With reference to Figs. 5 (a) and 5 (b), the structure and operation of a drive system according to another embodiment of the present invention will be described.

One end of the crank pin 145 is firmly connected to the inelastic disc-shaped rotor 141, the diameter of which is smaller than the diameter of the eccentric hole 273 formed in the bushing 27. Therefore, a gap 50 exists between the outer surface of the crank pin 145 and the inner surface of the eccentric hole 273. The star-shaped member 51 is disposed in the gap 50, and the crank pin 145 returns to the initial position even when the center Od of the crank pin 145 moves in the gap 50. Prevent it.

When the track element 212 is operated under normal air conditioning load, the center Od of the crank pin 142 is located at the center of the eccentric hole 272 shown in Fig. 5A. On the other hand, when the orbital element 212 compresses the liquid fluid or is operated under high air conditioning conditions, the reaction force Fr of the high pressure gas is applied to the right side at the center Oc of the bushing 27. Since the crank pin 145 is firmly connected to the disc-shaped rotor 141, the elastic member 51 is deformed as shown in FIG. 5 (b), and the distance between the center stones Oc and Od becomes long. Therefore, the angle θ between the line L1 and the line t passing through the center Oc and Od changes to an angle θ1 smaller than θ, and the pressure pressure Fp is therefore not excessively increased.
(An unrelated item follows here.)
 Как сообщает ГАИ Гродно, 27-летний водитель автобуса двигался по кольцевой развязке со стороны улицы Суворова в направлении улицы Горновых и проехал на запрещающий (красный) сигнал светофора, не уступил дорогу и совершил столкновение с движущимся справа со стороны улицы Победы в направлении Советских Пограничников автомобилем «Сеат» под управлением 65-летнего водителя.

As shown in the above embodiments, the pressing force Fp is appropriately maintained by reducing the angle between the line L1 and the line t passing through Oc and Od.

Thus, other devices that produce the above effects can also be considered within the scope of the present invention.
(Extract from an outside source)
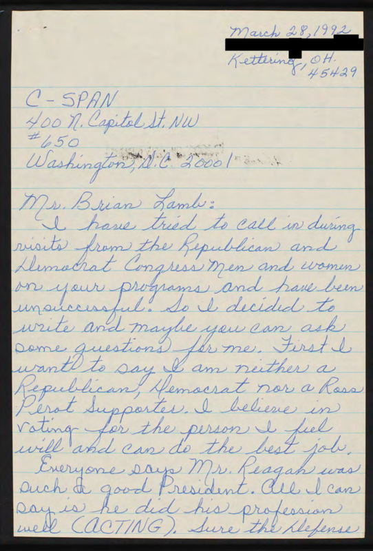 Letter to C-SPAN, 1992-03-28; 45429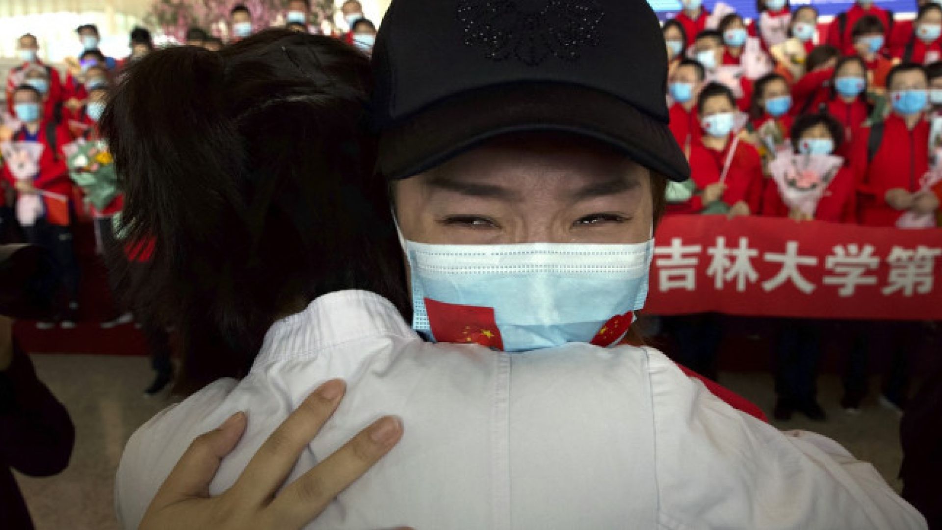Αλλοι πάλι μέσα σε κλίμα έντονης χαράς, αγκάλιαζαν γιατρούς και νοσηλευτές που επέστρεφαν στην πόλη Ουχάν, μετά την άρση των αυστηρών μέτρων.

Various changes and modifications can be made without departing from the spirit or the scope of the invention as defined by the following claims.

Claims (1)

A housing having a fluid inlet and a fluid outlet, a fixed scroll having a first end plate fixedly disposed in the housing, the first end plate extending therefrom, a track scroll having a second end plate extending the first wrap, by the housing A drive device having a rotationally supported drive shaft and a crank pin extending eccentrically from an inner end of the drive shaft, the crank pin being driven to the orbital scroll by having a center axis isolated from the center axis of the drive shaft and the crank pin. Bushing for connecting, the rotation preventing means for preventing the rotation of the track scroll during the movement, wherein the first and the second wrap is at least one pair to be mutually matched to the biased angle to form a plurality of line contacts A sealed fluid pocket, the orbital scroll being of a gas compression imparted to the central axis of the bushing. Responsive to the power by orbiting through the bushing while maintaining a line contact between the first and second wraps by a moment around the central axis of the crank pin, the bushing being rotated around the crank pin A fluid displacement device, comprising: a first line penetrating a central axis of the bushing while crossing a line passing through the drive shaft and the bushing by 90 ° when an abnormal reaction force of a compression gas larger than usual is applied to the central axis of the bushing; And a control device for reducing an angle between a crank pin and a second line passing through the central axis of the bushing.